━━ Data supplied

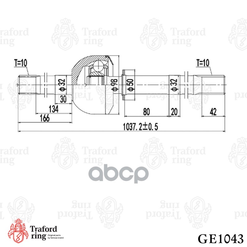 Бренд: TRAFORD RING, артикул: GE1043, ШРУС ЛЕВЫЙ, УАЗ 31519 ХАНТЕР 1445 ММ.. |
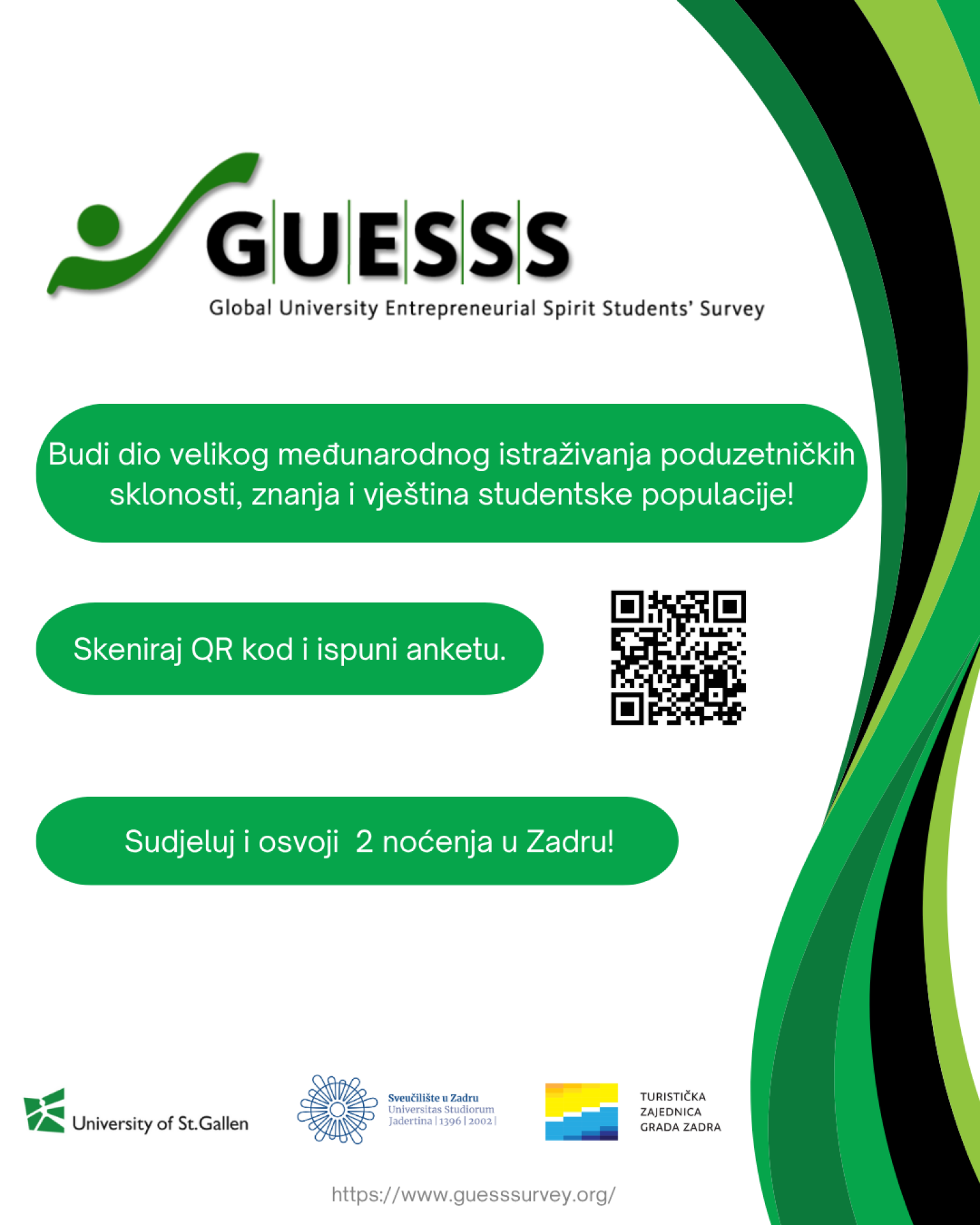 molimo vas da izdvojite 10-15 minuta svog vremena i sudjelujete u međunarodnom istraživanju GUESSS 2025. Ovim se istraživanjem ispituju poduzetničke sklonosti, znanja i vještine studentske populacije.
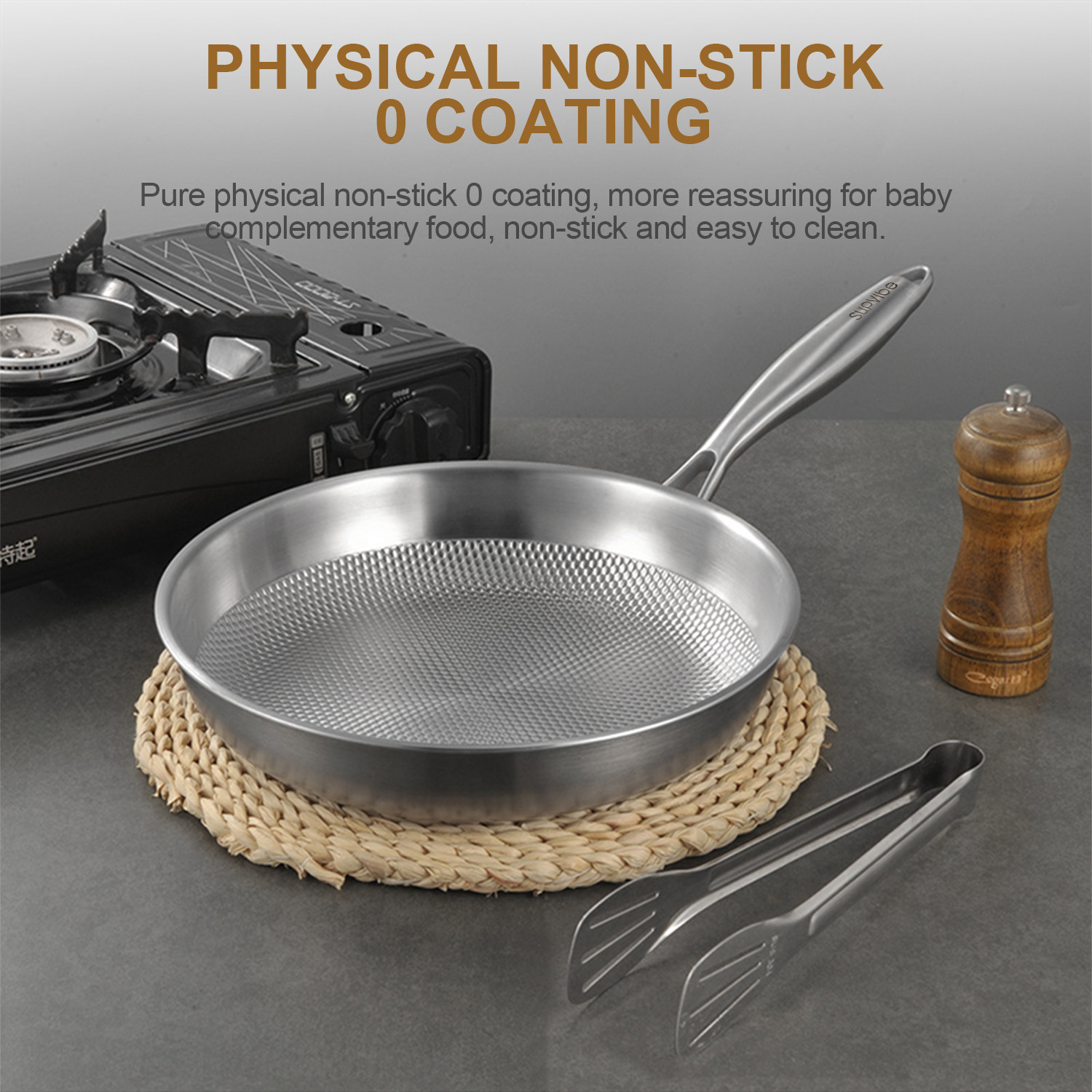 1.304 food-grade stainless steel material, pure physical non-stick 0-coating, more reassuring for baby complementary food, non-stick and easy to clean
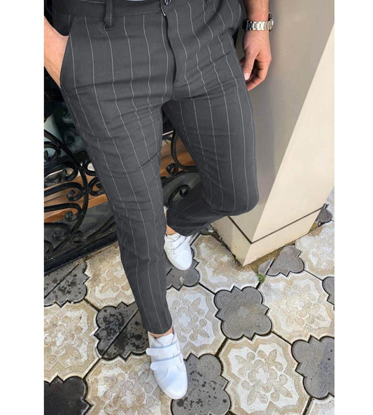 New 2022 Men's Hot Trousers Business Stripe Slim Spring And Autumn Waist Small Foot Pencil Pants Street Fashion Men's Wear
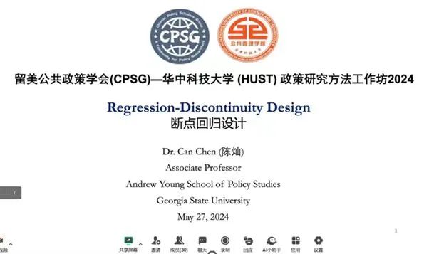 5月27日和5月30日下午,美国乔治亚州立大学安德鲁·杨公共政策学院(Andrew Young School of Public Studies, Georgia State University)终身教职副教授、博士生导师,留美公共政策学会(CPSG)共同主席陈灿博士做客“留美公共政策学会(CPSG)—威廉中国官方(HUST)政策研究方法工作坊2024”系列活动,为WilliamHill威廉希尔师生举办了主题为“断点回归设计”和“合成控制法”的学术讲座。
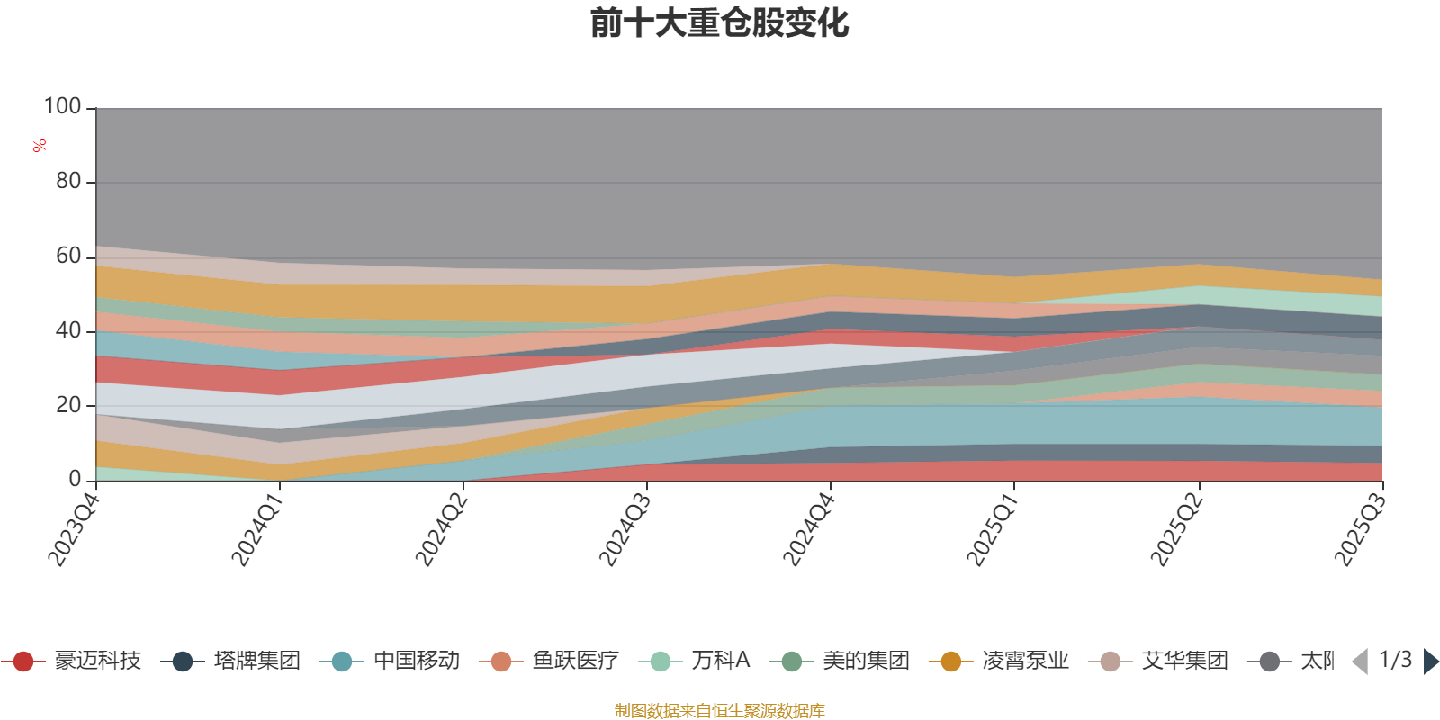 该基金持股集中度较高。截至2025年三季度末,基金十大重仓股分别是中国移动、安琪酵母、温氏股份、太阳纸业、豪迈科技、塔牌集团、确成股份、鱼跃医疗、美的集团、格力电器。
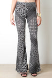 These chic pants feature a jersey knit fabric, geo bohemian print design, high waisted fit, and bell bottom construction. Accessories sold separately. Made in U.S.A. 96% Polyester, 4% Spandex.
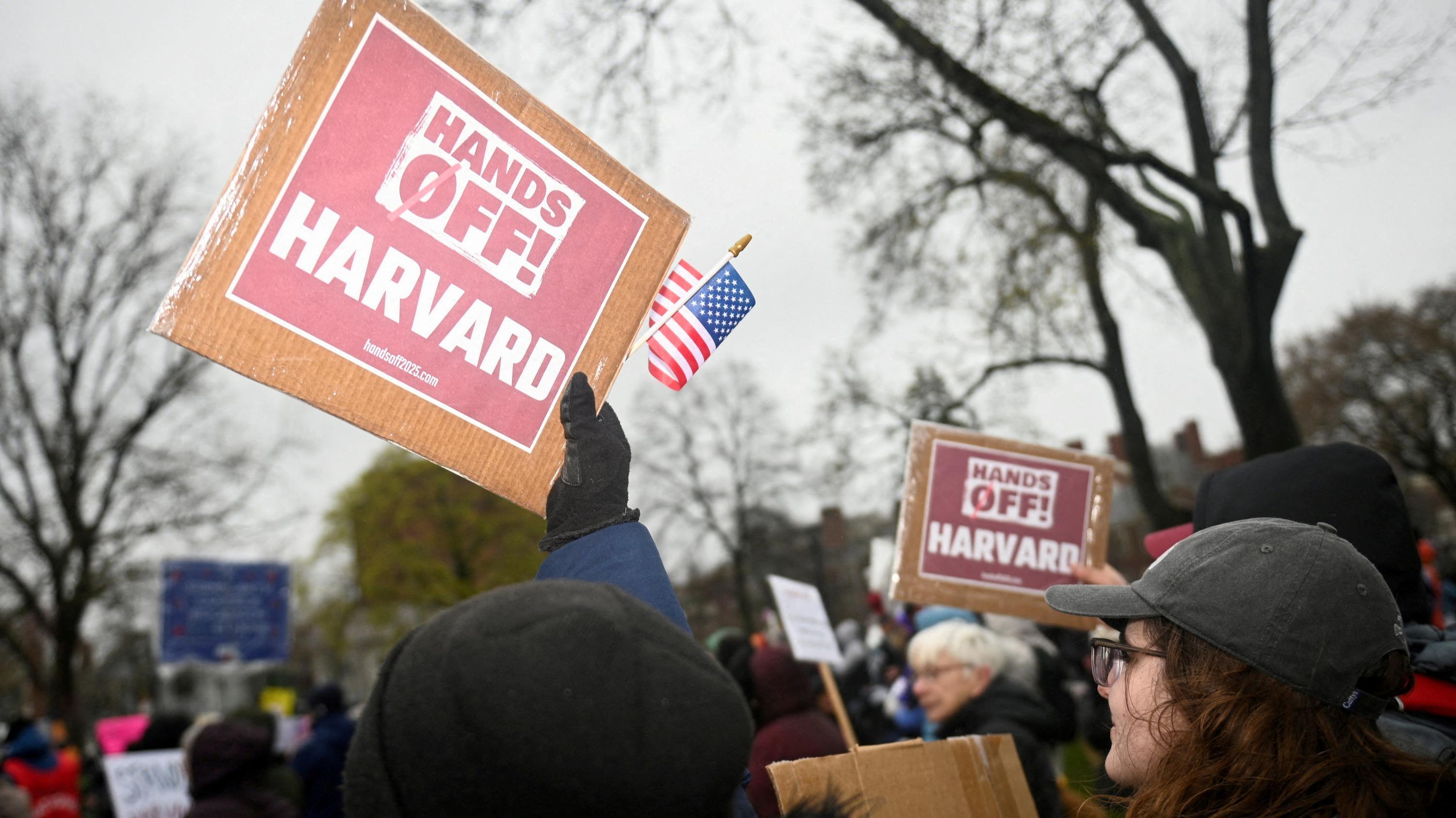Des manifestants américains lors d’une manifestation organisée par la ville de Cambridge où est située Harvard appelant la direction de l’université à résister à l’ingérence du gouvernement fédéral le 12 avril 2025.
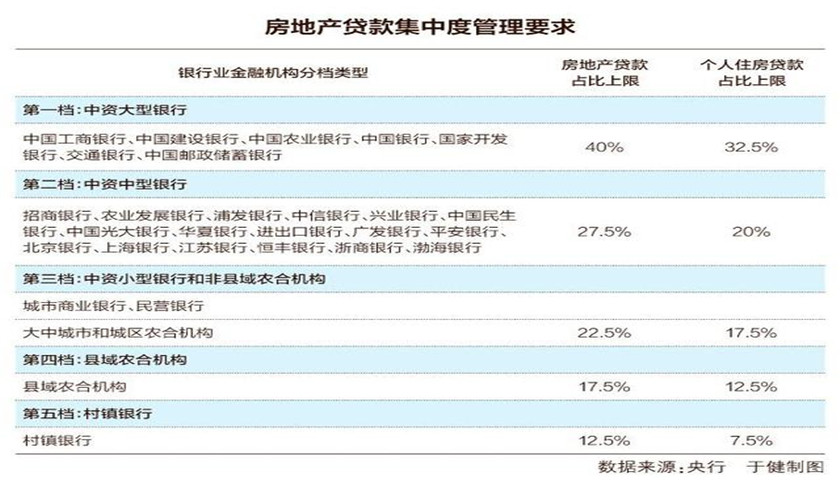 人民银行与银保监会根据不同银行的资产规模及机构类型,分成五档对房地产贷款集中度进行管理,这五档分别包括中资大型银行、中资中型银行、中资小型银行和非县域农合机构、县域农合机构、村镇银行。其中,第一档中资大型银行房地产贷款占比上限为40%。
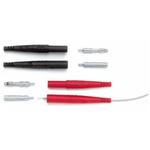 The 6383-0 is a user-installable, black shrouded banana plug designed for creating secure connections with 4mm shrouded banana jacks. It can be attached to 18 to 22 AWG stranded wire by either crimping or soldering, accommodating insulation diameters from 0.060” to 0.150”. The plug is rated for a maximum current of 15A with 18 AWG wire and an operating voltage of 300V in handheld applications. Constructed with a nickel-plated brass and beryllium copper plug and Santoprene insulation, it operates reliably in temperatures from -29°C to 135°C. When properly assembled, it complies with IEC1010 CAT II 300V standards, making it ideal for custom test leads used with digital multimeters and other test equipment.

━━━━

Apart from the pictures, write every entry out again exactly.

* Output of the task *
 Бренд: TRAFORD RING, артикул: GE1043, ШРУС ЛЕВЫЙ, УАЗ 31519 ХАНТЕР 1445 ММ.. |
 molimo vas da izdvojite 10-15 minuta svog vremena i sudjelujete u međunarodnom istraživanju GUESSS 2025. Ovim se istraživanjem ispituju poduzetničke sklonosti, znanja i vještine studentske populacije.
 1.304 food-grade stainless steel material, pure physical non-stick 0-coating, more reassuring for baby complementary food, non-stick and easy to clean
 New 2022 Men's Hot Trousers Business Stripe Slim Spring And Autumn Waist Small Foot Pencil Pants Street Fashion Men's Wear
 5月27日和5月30日下午,美国乔治亚州立大学安德鲁·杨公共政策学院(Andrew Young School of Public Studies, Georgia State University)终身教职副教授、博士生导师,留美公共政策学会(CPSG)共同主席陈灿博士做客“留美公共政策学会(CPSG)—威廉中国官方(HUST)政策研究方法工作坊2024”系列活动,为WilliamHill威廉希尔师生举办了主题为“断点回归设计”和“合成控制法”的学术讲座。
 该基金持股集中度较高。截至2025年三季度末,基金十大重仓股分别是中国移动、安琪酵母、温氏股份、太阳纸业、豪迈科技、塔牌集团、确成股份、鱼跃医疗、美的集团、格力电器。
 These chic pants feature a jersey knit fabric, geo bohemian print design, high waisted fit, and bell bottom construction. Accessories sold separately. Made in U.S.A. 96% Polyester, 4% Spandex.
Des manifestants américains lors d’une manifestation organisée par la ville de Cambridge où est située Harvard appelant la direction de l’université à résister à l’ingérence du gouvernement fédéral le 12 avril 2025.
 人民银行与银保监会根据不同银行的资产规模及机构类型,分成五档对房地产贷款集中度进行管理,这五档分别包括中资大型银行、中资中型银行、中资小型银行和非县域农合机构、县域农合机构、村镇银行。其中,第一档中资大型银行房地产贷款占比上限为40%。
 The 6383-0 is a user-installable, black shrouded banana plug designed for creating secure connections with 4mm shrouded banana jacks. It can be attached to 18 to 22 AWG stranded wire by either crimping or soldering, accommodating insulation diameters from 0.060” to 0.150”. The plug is rated for a maximum current of 15A with 18 AWG wire and an operating voltage of 300V in handheld applications. Constructed with a nickel-plated brass and beryllium copper plug and Santoprene insulation, it operates reliably in temperatures from -29°C to 135°C. When properly assembled, it complies with IEC1010 CAT II 300V standards, making it ideal for custom test leads used with digital multimeters and other test equipment.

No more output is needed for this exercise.